Retype the data exactly, skipping any picture in it.

START The data

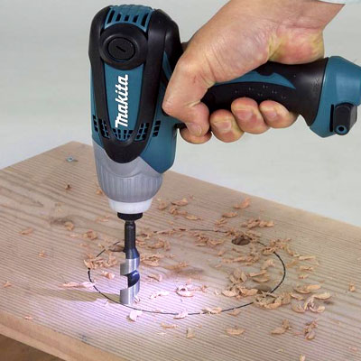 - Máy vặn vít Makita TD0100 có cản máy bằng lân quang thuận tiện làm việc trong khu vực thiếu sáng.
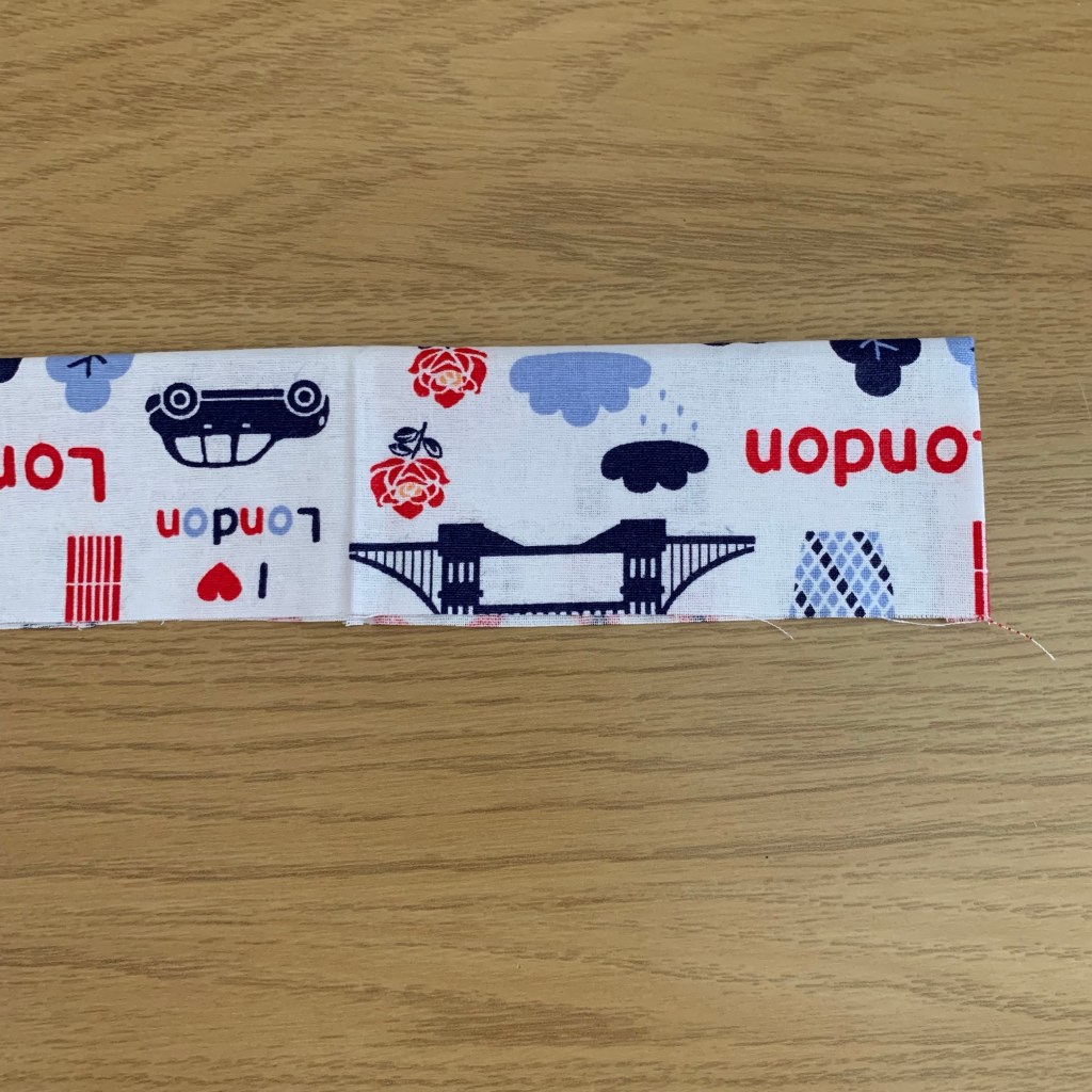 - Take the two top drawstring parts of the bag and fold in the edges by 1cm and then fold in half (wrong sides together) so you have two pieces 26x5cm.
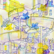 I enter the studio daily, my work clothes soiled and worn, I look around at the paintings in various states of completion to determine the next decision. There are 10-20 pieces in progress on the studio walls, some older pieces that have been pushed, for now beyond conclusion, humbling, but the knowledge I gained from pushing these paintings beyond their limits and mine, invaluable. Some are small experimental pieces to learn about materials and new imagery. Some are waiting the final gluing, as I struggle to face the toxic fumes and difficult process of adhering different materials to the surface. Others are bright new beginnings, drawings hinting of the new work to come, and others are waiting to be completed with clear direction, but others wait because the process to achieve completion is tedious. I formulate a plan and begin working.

END The data

Written answer =
 - Máy vặn vít Makita TD0100 có cản máy bằng lân quang thuận tiện làm việc trong khu vực thiếu sáng.
 - Take the two top drawstring parts of the bag and fold in the edges by 1cm and then fold in half (wrong sides together) so you have two pieces 26x5cm.
 I enter the studio daily, my work clothes soiled and worn, I look around at the paintings in various states of completion to determine the next decision. There are 10-20 pieces in progress on the studio walls, some older pieces that have been pushed, for now beyond conclusion, humbling, but the knowledge I gained from pushing these paintings beyond their limits and mine, invaluable. Some are small experimental pieces to learn about materials and new imagery. Some are waiting the final gluing, as I struggle to face the toxic fumes and difficult process of adhering different materials to the surface. Others are bright new beginnings, drawings hinting of the new work to come, and others are waiting to be completed with clear direction, but others wait because the process to achieve completion is tedious. I formulate a plan and begin working.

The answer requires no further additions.